In case little rectangular bugs aren’t your thing, Hexbug, the company, also provides an assortment of other robotic bugs, including the aptly named “scarab”, which my wife had also purchased for my birthday. The scarab has six individually moving plastic legs that flit back and forth at a seemingly impossible clip when it is switched on.  It doesn’t so much glide, as skitter.  Upon seeing nano Hexbugs for the first time, people generally say, Nifty! Where can I get one of those? The scarab on the other hand almost always evokes statements like, Good god man, what the hell is that thing?   At which point said observer hops on the nearest chair, or if they are my kids, scream like they’ve just been witness to a live beheading.

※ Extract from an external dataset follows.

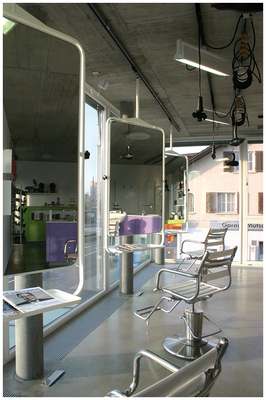 Besondere Aufmerksamkeit beim Entwurf des Salons galt der Organisation optimaler Abläufe für das Personal und für die Kundschaft. Daraus ergab sich das Konzept eines offen gestalteten Grundrisses, der es der arbeitenden Person jederzeit erlaubt mit der Kundschaft zu kommunizieren. Die Idee des offenen Grundrisses unterstützt die Qualität des lichtdurchfluteten Raumes mit der grosszügigen Fensterfront zur Strasse.

Now me, I’m no stranger to robots.  As a young child I had a robot that would have been the fancy of any similarly weighted and socially challenged kid.  Omnibot arrived one year for Christmas, or perhaps a birthday, from my grandparents in California.  Presents from Ralph and Dorthy were legendary in our house growing up.  They operated on an entirely different scale than other would-be gift givers.  Every year my folks would put us on the phone with them so we could tell them what we wanted.  I’m not sure if it was the quality of transamerican phone lines back in the 80’s, but it seemed like if I said “Hey Grandma, I’d really like a transformer for Christmas,” she would hear “get me every transformer that has ever been made – and I do mean ever.”  During most of the year my brother and I lived like any other upper-middle class kids.  But come Christmas time or our birthdays, we lived like we’d been adopted by the dad in Silver Spoons.

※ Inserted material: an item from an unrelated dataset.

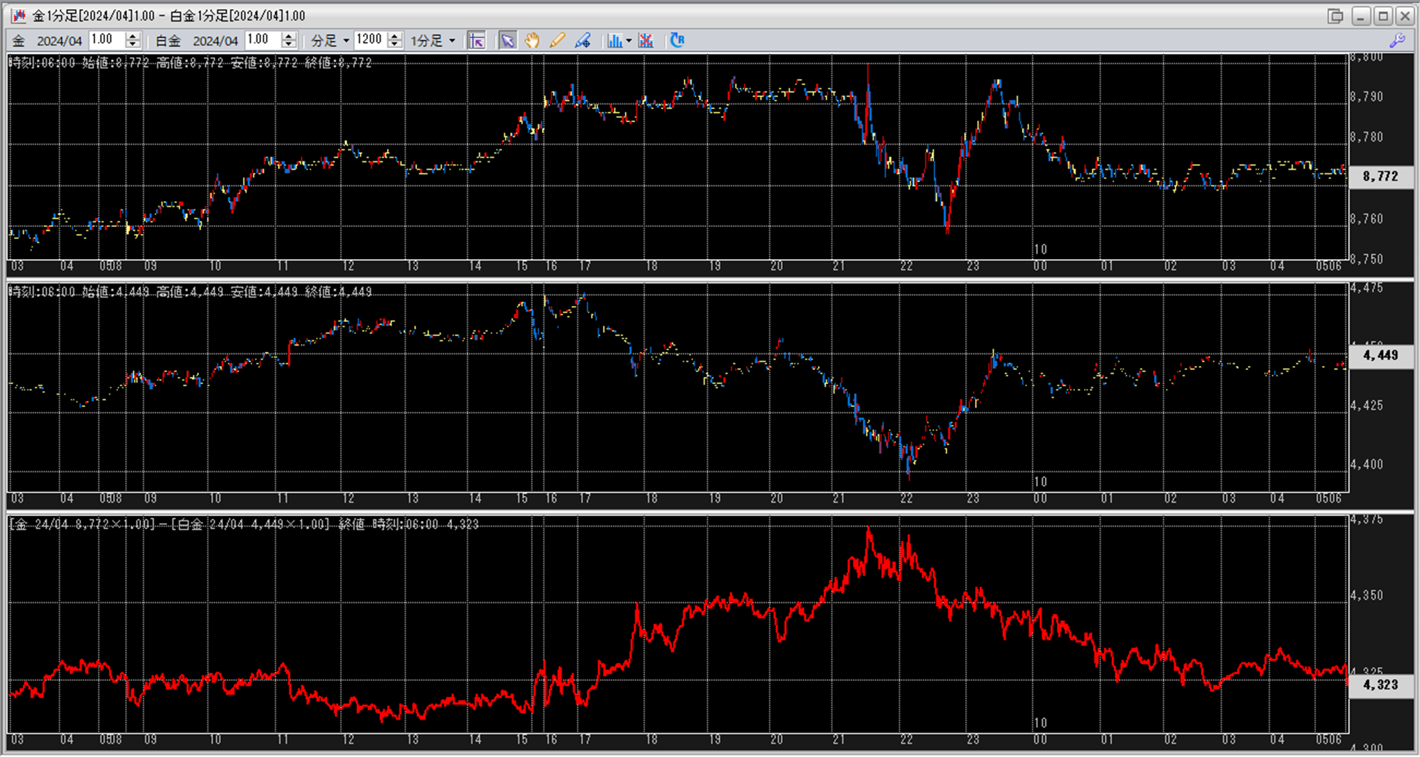 下:金白金鞘(金白金の価格差 = 金1グラムの価格 - 白金1グラムの価格)

So when Omnibot arrived, I knew he was going to be special.  And he didn’t disappoint.  He had a remote control and a microphone and a tray that he could clasp in his gripper claws, though with Omnibot being just over a foot tall I’m not sure exactly what sort of use case the engineers had imagined for that tray.  Perhaps the creators of Omnibot were themselves accustomed to parties where dwarfish folks intermingled with otherwise reclined guests.  The most exciting part of Omnibot was that he came equipped with a cassette deck mounted in his chest.  Long before 500GB thumb drives, cassettes were the ‘disk drives’ of choice for storing data.  This meant you could not only control Omnibot in real time, but you could program him to do things for some future event.  Suppose you were having some friends over for a cocktail party and you didn’t want to miss out on a minute of socializing with tedious hosting duties.  No problem –  you could simply program Omnibot to move along a path in and out of the kitchen repeating, at predetermined intervals and in a Hawkingish tone: WOULD YOU LIKE A COCK-TAIL?  Thank you Omnibot, don’t mind if I do hunch down and grab one of these tasty looking Mojitos.  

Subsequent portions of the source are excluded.